Goal of the exercise: All that is wanted is the exact lines from the first line of the data below through the line with "Travertine copings look", both ends included, with pictures omitted.
*** The input ***
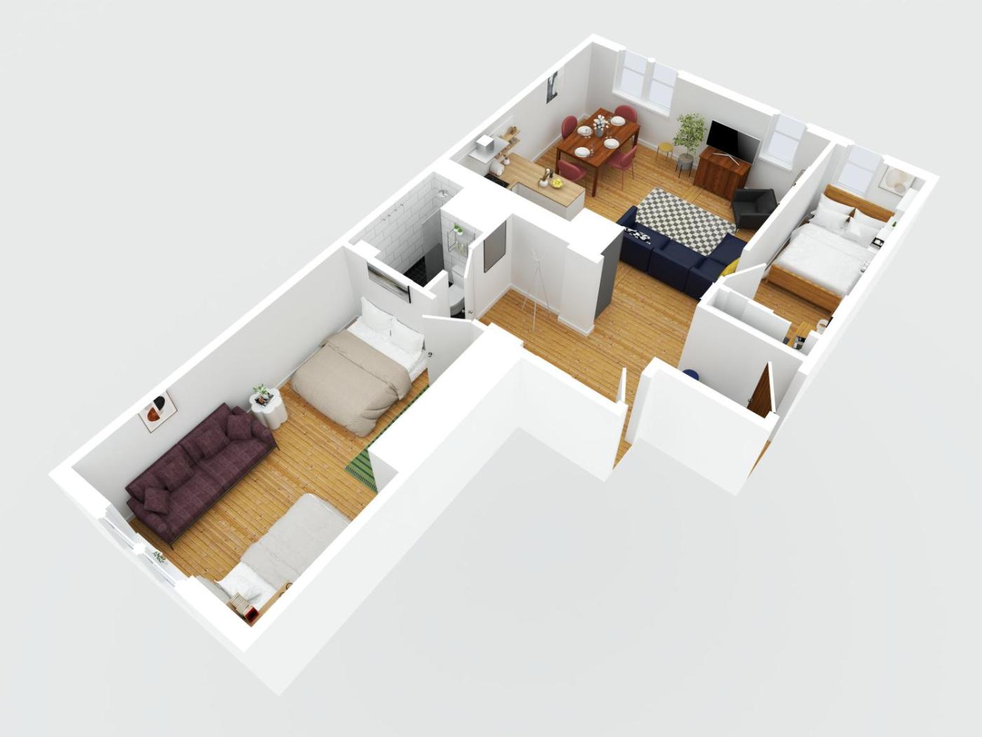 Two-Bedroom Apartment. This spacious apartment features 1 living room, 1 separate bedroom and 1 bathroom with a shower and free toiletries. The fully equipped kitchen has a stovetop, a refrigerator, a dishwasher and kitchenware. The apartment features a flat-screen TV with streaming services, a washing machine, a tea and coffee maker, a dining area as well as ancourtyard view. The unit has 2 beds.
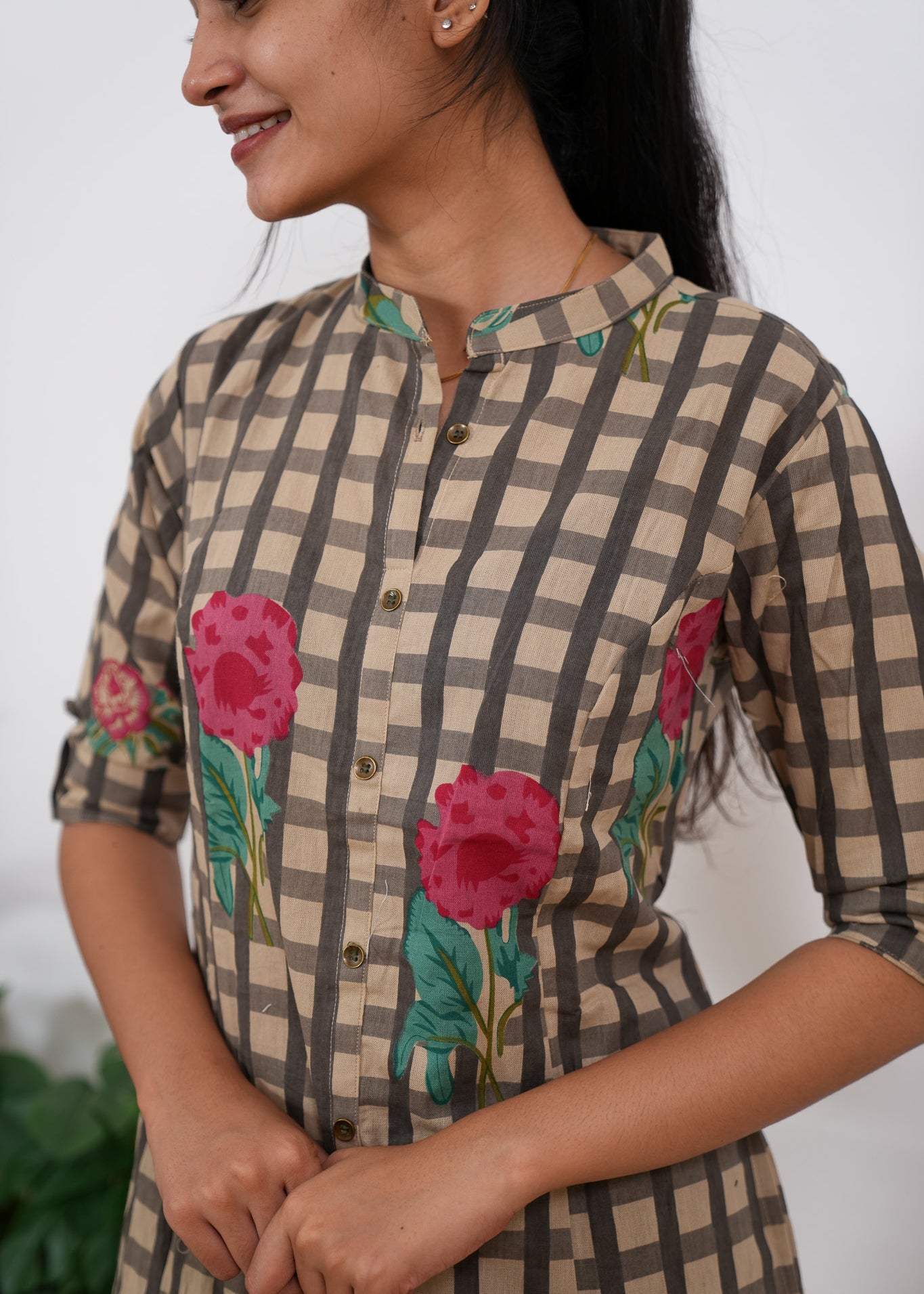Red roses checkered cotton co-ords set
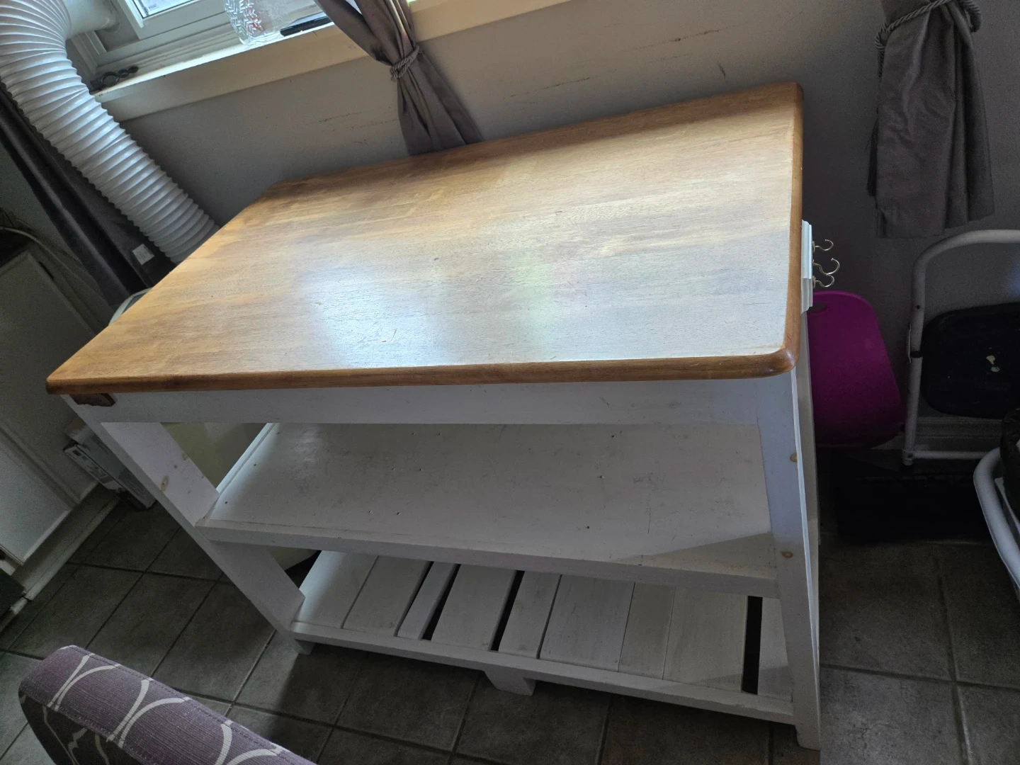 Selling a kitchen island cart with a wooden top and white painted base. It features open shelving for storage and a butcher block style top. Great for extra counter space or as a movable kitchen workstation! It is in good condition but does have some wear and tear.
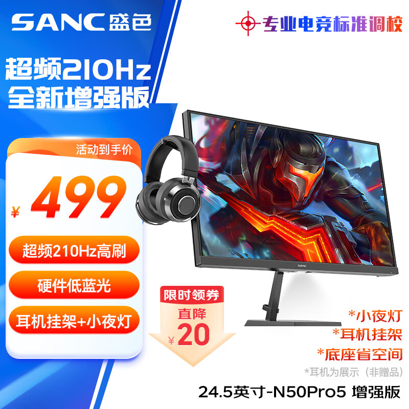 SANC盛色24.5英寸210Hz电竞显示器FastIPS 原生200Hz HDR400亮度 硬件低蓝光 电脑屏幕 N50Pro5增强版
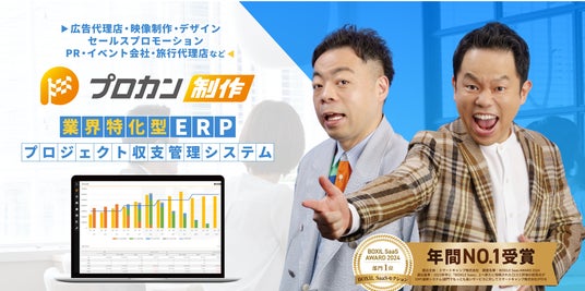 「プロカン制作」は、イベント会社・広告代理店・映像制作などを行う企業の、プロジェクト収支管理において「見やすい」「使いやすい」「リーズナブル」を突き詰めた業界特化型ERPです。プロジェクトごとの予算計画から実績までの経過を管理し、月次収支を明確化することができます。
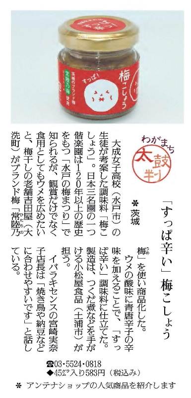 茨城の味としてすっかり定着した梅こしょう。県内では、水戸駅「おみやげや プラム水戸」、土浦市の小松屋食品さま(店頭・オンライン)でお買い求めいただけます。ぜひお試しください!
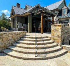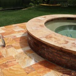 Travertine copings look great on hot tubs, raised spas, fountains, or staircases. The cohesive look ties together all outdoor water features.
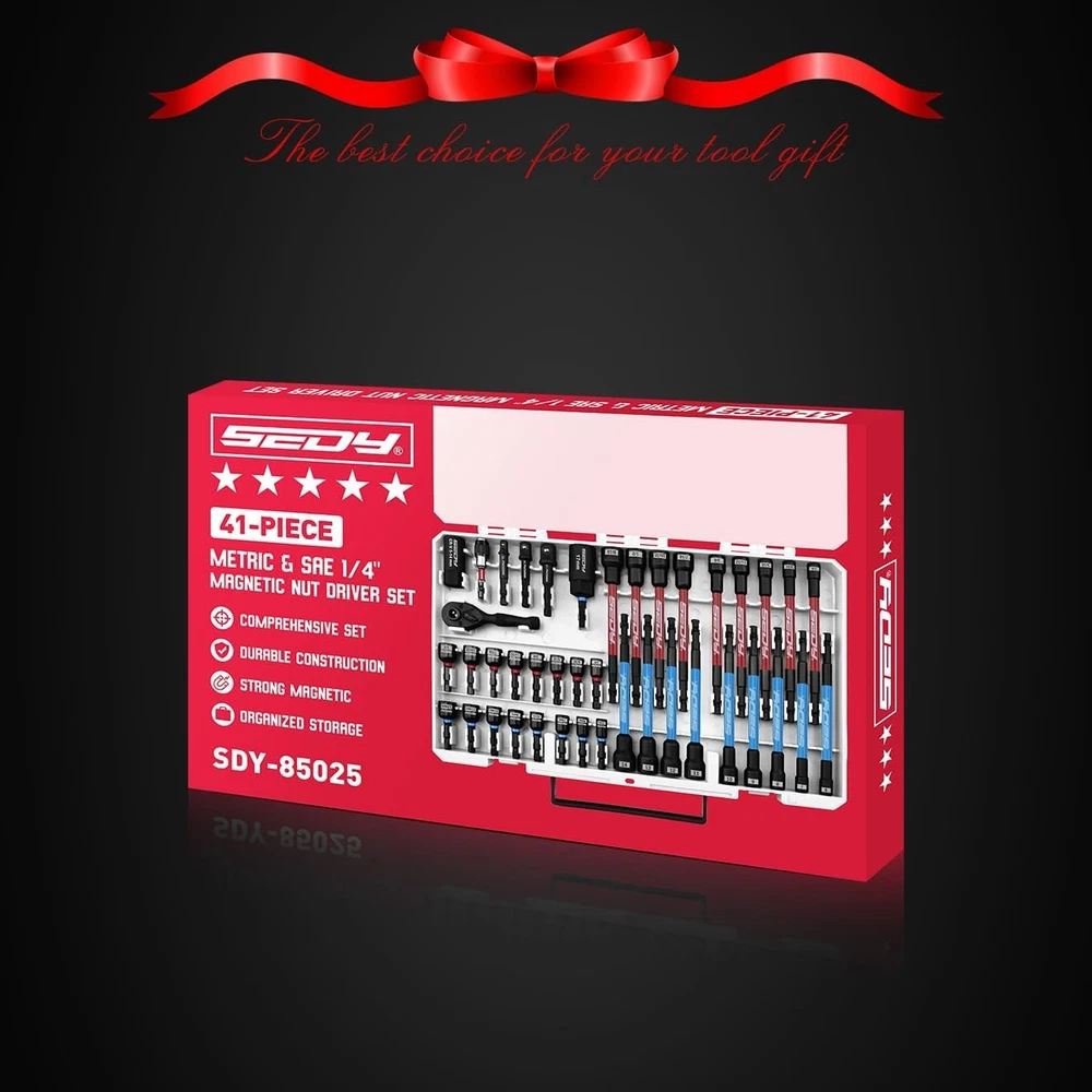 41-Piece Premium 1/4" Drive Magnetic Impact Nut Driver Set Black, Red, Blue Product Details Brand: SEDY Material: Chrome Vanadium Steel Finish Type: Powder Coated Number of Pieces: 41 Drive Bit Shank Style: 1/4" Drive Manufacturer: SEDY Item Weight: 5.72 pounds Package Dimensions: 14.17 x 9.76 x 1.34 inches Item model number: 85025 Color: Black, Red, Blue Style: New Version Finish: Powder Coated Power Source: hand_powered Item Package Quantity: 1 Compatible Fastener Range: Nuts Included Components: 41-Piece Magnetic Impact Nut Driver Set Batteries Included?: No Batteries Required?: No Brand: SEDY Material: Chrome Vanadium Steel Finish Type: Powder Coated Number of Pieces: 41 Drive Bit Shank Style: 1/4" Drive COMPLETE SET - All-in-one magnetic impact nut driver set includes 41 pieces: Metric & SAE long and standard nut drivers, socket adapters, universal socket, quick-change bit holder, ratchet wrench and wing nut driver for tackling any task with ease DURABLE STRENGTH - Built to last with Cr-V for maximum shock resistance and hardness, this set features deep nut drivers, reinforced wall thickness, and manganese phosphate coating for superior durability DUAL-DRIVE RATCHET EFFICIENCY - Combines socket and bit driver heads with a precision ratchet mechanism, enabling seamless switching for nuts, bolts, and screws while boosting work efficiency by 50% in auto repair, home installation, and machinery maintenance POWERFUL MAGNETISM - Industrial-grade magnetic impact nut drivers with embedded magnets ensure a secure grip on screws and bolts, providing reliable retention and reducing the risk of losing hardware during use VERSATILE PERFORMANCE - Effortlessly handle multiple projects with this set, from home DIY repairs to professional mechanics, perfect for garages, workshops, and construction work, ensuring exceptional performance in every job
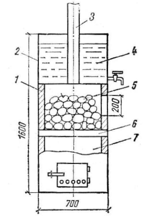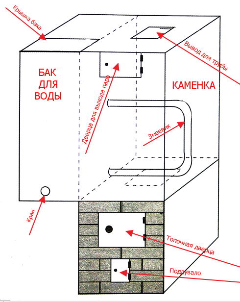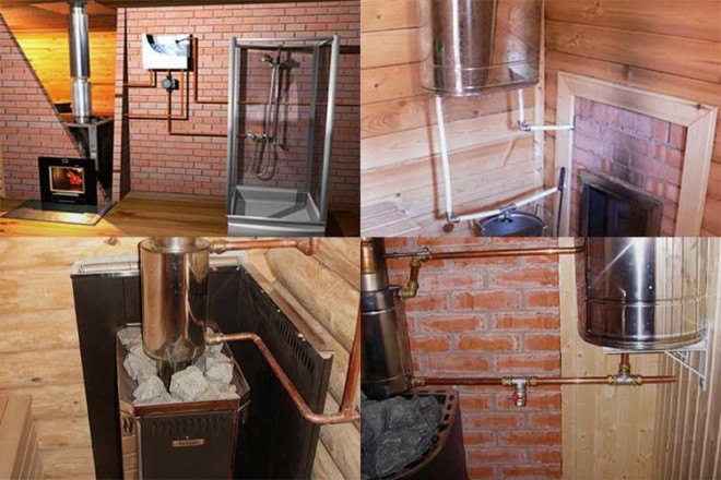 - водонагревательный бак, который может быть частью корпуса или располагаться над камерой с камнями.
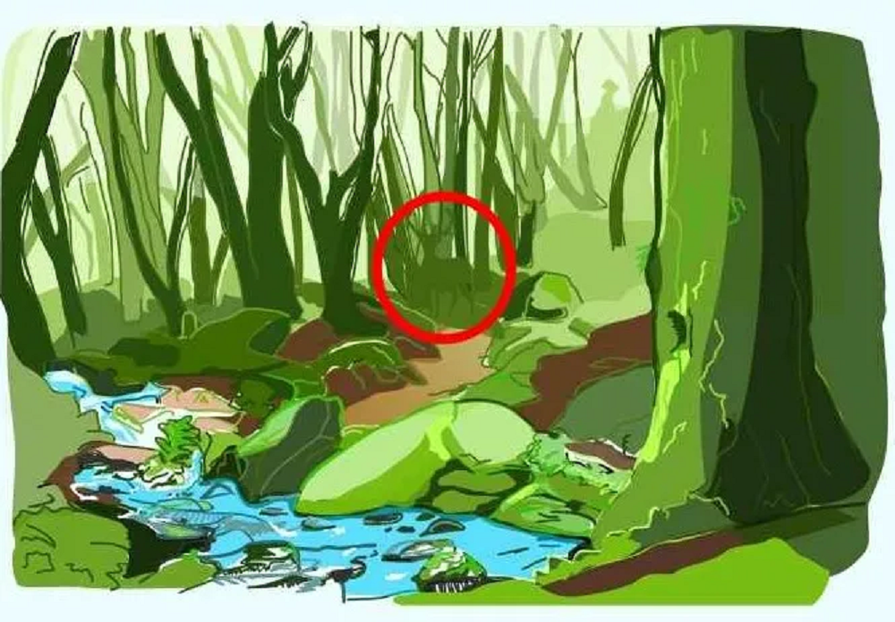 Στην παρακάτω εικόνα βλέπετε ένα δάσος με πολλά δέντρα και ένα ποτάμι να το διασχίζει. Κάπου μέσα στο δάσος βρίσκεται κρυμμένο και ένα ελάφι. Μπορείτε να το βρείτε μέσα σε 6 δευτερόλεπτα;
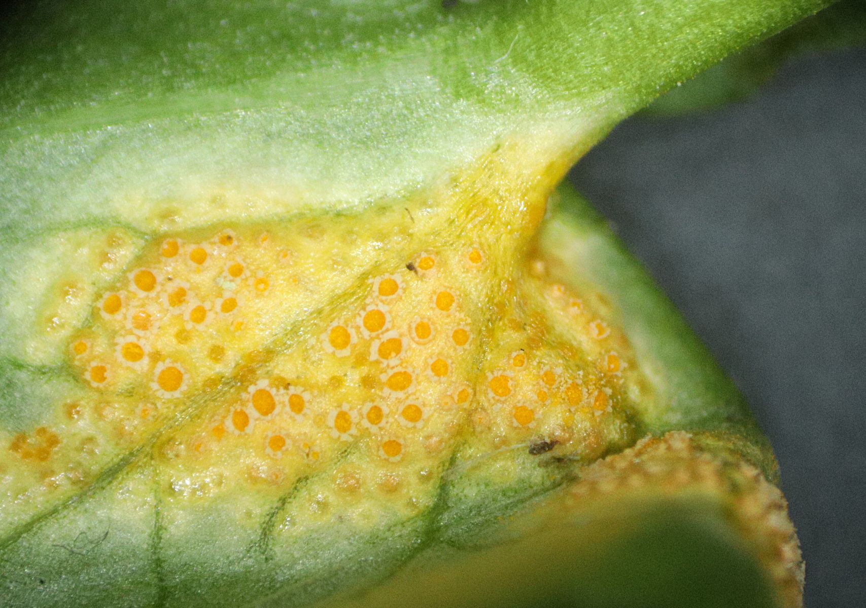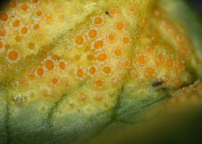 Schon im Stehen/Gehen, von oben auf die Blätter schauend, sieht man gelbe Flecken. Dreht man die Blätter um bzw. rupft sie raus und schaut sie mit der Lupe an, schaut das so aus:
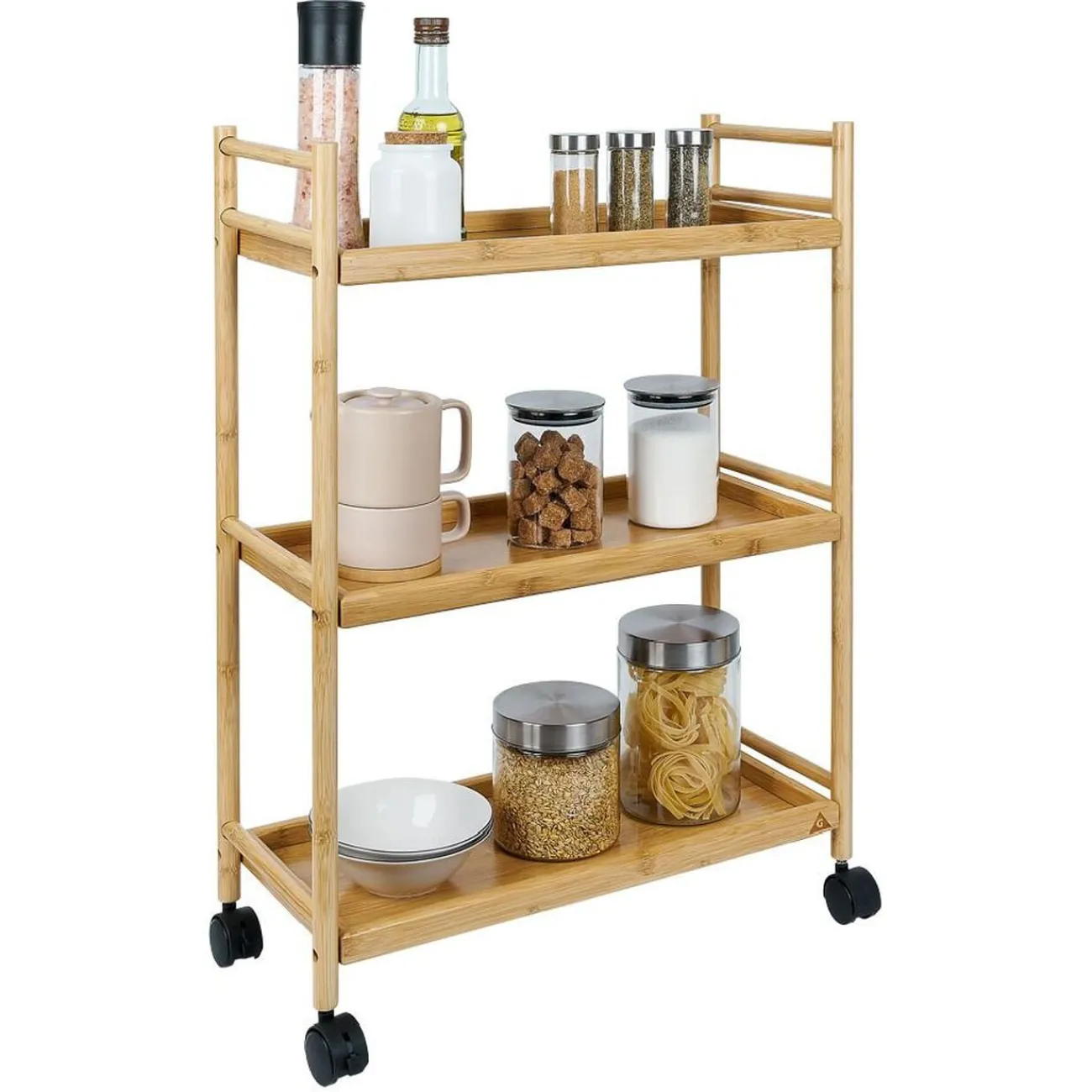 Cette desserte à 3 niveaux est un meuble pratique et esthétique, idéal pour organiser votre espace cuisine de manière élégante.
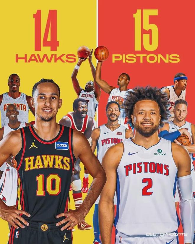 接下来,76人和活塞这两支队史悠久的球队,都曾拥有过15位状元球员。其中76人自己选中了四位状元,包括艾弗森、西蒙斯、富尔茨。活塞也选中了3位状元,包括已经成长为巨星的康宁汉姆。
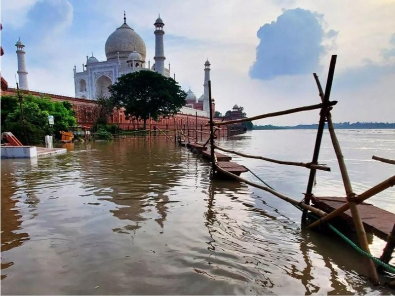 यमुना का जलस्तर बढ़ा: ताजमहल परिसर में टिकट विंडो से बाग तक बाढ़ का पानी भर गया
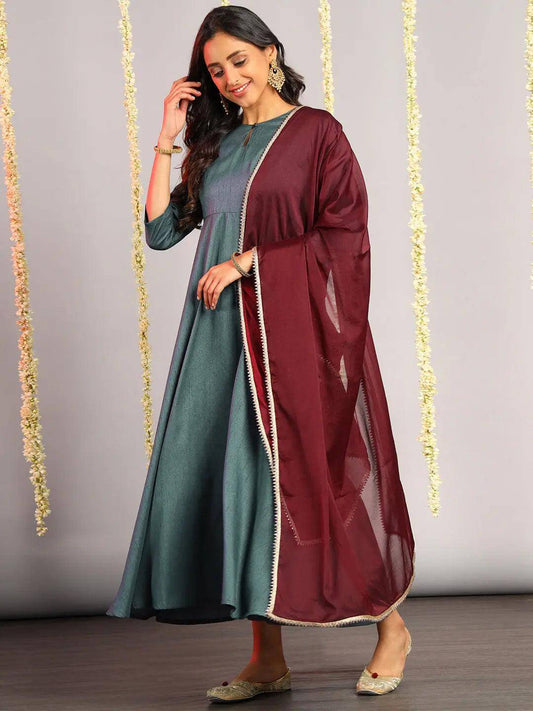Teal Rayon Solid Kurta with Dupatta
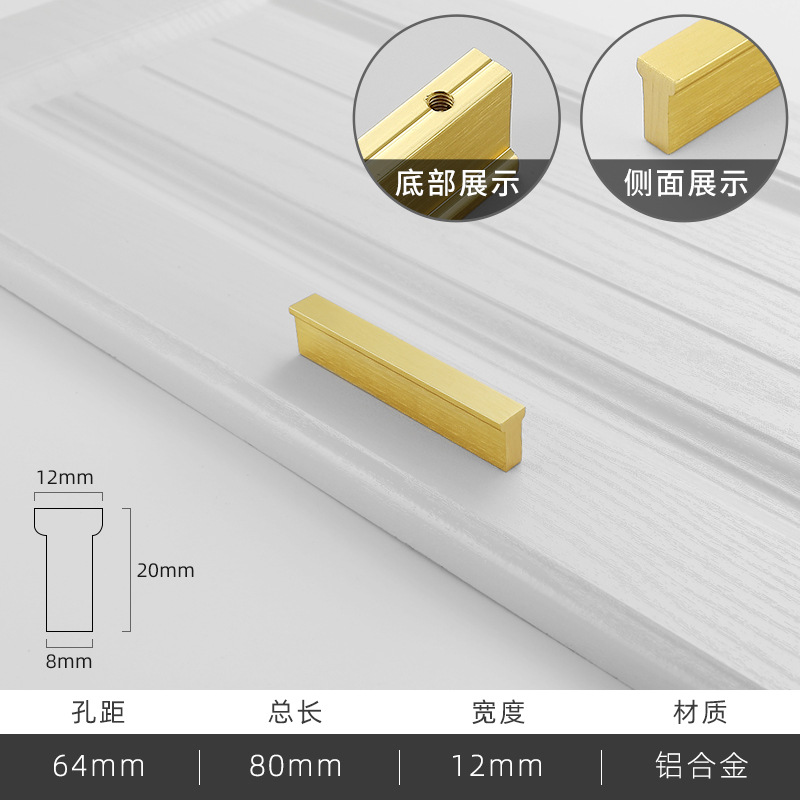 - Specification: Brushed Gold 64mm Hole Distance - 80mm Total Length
*** End of The input ***
Answer for the task:
 Two-Bedroom Apartment. This spacious apartment features 1 living room, 1 separate bedroom and 1 bathroom with a shower and free toiletries. The fully equipped kitchen has a stovetop, a refrigerator, a dishwasher and kitchenware. The apartment features a flat-screen TV with streaming services, a washing machine, a tea and coffee maker, a dining area as well as ancourtyard view. The unit has 2 beds.
Red roses checkered cotton co-ords set
 Selling a kitchen island cart with a wooden top and white painted base. It features open shelving for storage and a butcher block style top. Great for extra counter space or as a movable kitchen workstation! It is in good condition but does have some wear and tear.
 SANC盛色24.5英寸210Hz电竞显示器FastIPS 原生200Hz HDR400亮度 硬件低蓝光 电脑屏幕 N50Pro5增强版
 「プロカン制作」は、イベント会社・広告代理店・映像制作などを行う企業の、プロジェクト収支管理において「見やすい」「使いやすい」「リーズナブル」を突き詰めた業界特化型ERPです。プロジェクトごとの予算計画から実績までの経過を管理し、月次収支を明確化することができます。
 茨城の味としてすっかり定着した梅こしょう。県内では、水戸駅「おみやげや プラム水戸」、土浦市の小松屋食品さま(店頭・オンライン)でお買い求めいただけます。ぜひお試しください!
 Travertine copings look great on hot tubs, raised spas, fountains, or staircases. The cohesive look ties together all outdoor water features.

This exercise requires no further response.